エストシラント港の岸壁を離れる船があった。

イルメリア近衛艦隊である。

 

「おおっ!」

「その場で回っているぞ!?」

 

 商船の甲板で見物していた水夫たちから歓声が上がった。

 周囲に停泊する大型帆船と比べても、なお大きいその三隻は、警笛を鳴らしながら、曳船も使わずその場で一斉に向きを変えた。

 当然ではあるが、パーパルディアの水夫たちは、サイドスラスターを使った離岸など見たことがなかったのだ。

 

 

 

―コンタキオン艦橋

 コンタキオン艦長、ワルデン大佐が報告する。

「姫様、全艦エストシラント港より離脱、落伍艦なし!」

 

「ご苦労さま、ワルデン。
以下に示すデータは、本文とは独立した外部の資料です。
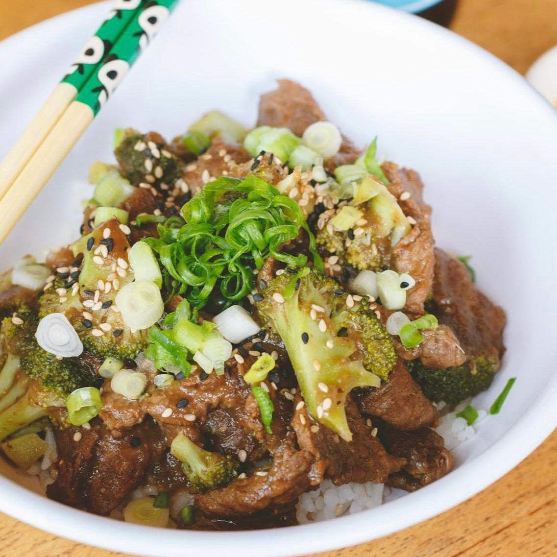 Fatias de carne com brócolis, molho delicioso e arroz! Um prato clássico da culinária chinesa. Sliced beef with broccoli, delicious sauce and rice! A classic Chinese dish. Sem Glutén
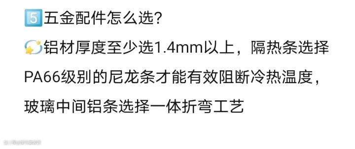 最后就是五金配件了,至少厚度要达标,然后要保证室内外的温度隔断,以免温度太高房子里面太热,温度太冷导致屋内太冷;要保持室内恒温
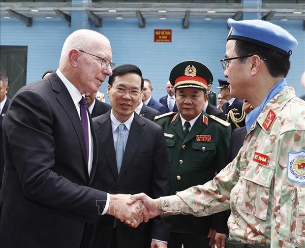 Hanoi, April 5 (VNA) – Australian Governor-General David Hurley praised the Vietnamese blue beret force’s contributions and stressed the meaning of the Vietnam-Australia cooperation in the UN's peacekeeping mission when he and President Vo Van Thuong visited the headquarters of the Vietnam Department of Peacekeeping Operations in Hanoi on April 4.
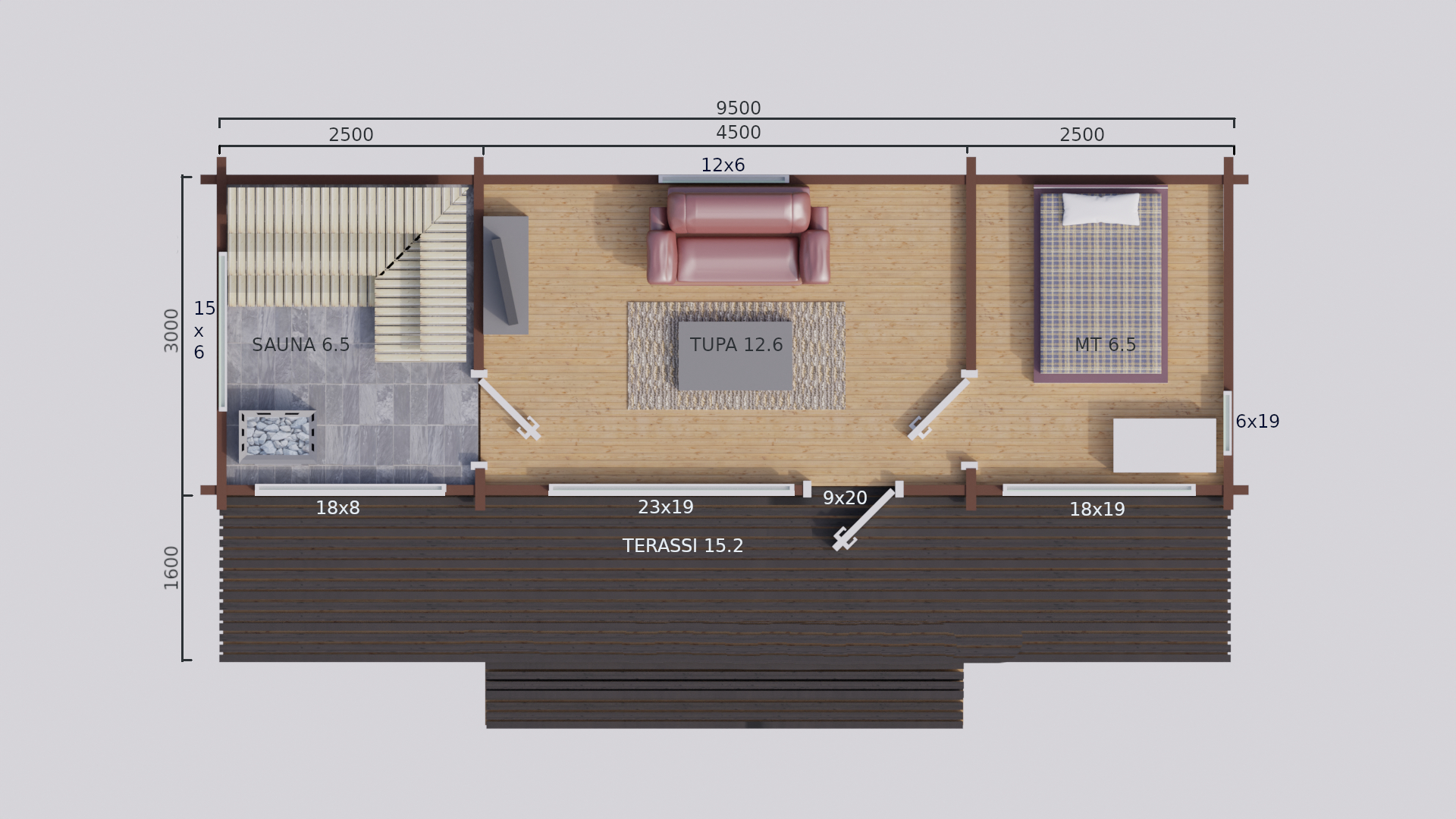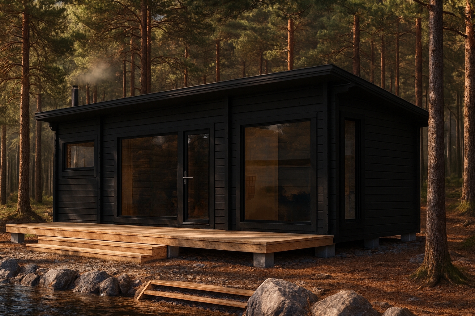 Tämä moderni, alle 30 m² hirsihuvila on suunniteltu niin, että jokainen neliö palvelee. Tuvasta ja erillisestä makuuhuoneesta avautuvat isot ikkunat tuovat maiseman osaksi sisustusta — järvimaisema, pihapiiri tai metsä ympärillä tekee tästä mökistä paikan, jossa rauhoitut heti sisään astuessasi. Hirsirakenteen tunnelma tuo lämpöä ja luonnonläheisyyttä, joka tuntuu niin arjessa kuin lomapäivissä.

パーパルディアのお土産を買う時間がなかったのが残念ですわ」

 心底残念そうに言うユリア。

 今回の"外遊"の意味を分かっているのかどうなのか、非常に疑わしいところである。

 

「お土産と仰いましても、あまり良いものはないかと‥」

 返答するワルデン。

 コンタキオンを任されるということは、名誉であると同時に、皇女殿下に振り回されるのと同意義である。

 もっとも、生真面目が軍服を着たようなワルデン大佐には、そのような認識はなかった。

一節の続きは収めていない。